An assessment (or rubric) is a way of consistently and accurately measuring student performance on particular learning outcome(s) across settings, assignments, and disciplines. Rubrics contain 3 key components: Dimensions, Mastery Levels, and Performance Descriptors (see glossary entries for each component for more information).
A student artifact is work produced directly by the student, offering concrete, documented evidence of learning and performance. Examples include papers, projects, presentation slides, etc. that represent a student’s knowledge, skill, and achievement of identified goals and learning outcomes.
Student Learning Outcome (SLO)
A Student Learning Outcome (SLO) is a succinct statement of an educational goal (e.g., knowledge or skill) that students are expected to demonstrate during their time in college.

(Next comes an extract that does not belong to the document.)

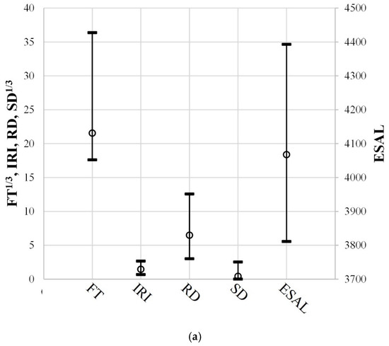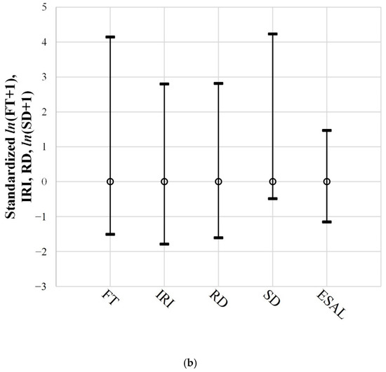 We used the IRI, RD, SD, and ESAL as the independent variables of the FT prediction model because they had a mechanistic relationship with the FT; we measured them every year during HPMS surveys. The distributions of FT and SD did not satisfy normality; therefore, they were normalized. The mean and standard deviation of all variables were standardized.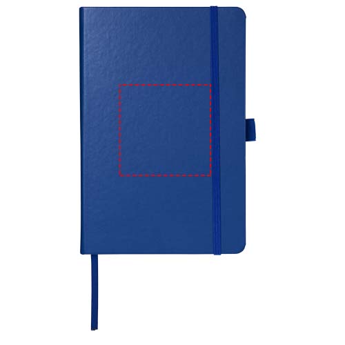 Kunstleder-A5-Notizbuch (14,2 x 21,4 cm, Lederimitat) mit Gummiband, Farbband, Stiftschlaufe und Akkordeon-Tasche an der Rückseite. Enthält 96 Blätter cremefarbenes Papier in 80 g/m2 und wird in einem Journalbook mit weißer Hülle angeboten.

SLOs often range in specificity according to the level at which they are expected: Course-level outcomes (CSLOs) are to be demonstrated upon completion of a particular course; Program-level outcomes (PSLOs) upon completion of a particular degree or certificate program; and Institution-level outcomes (ISLOs) upon graduation.
Evaluation of student learning, skill, acquisition, and academic achievement at the conclusion of an instructional period – typically at the end of a project, unit, course, semester, program, or school year. Summative Assessment may include comparison of pre and post test results.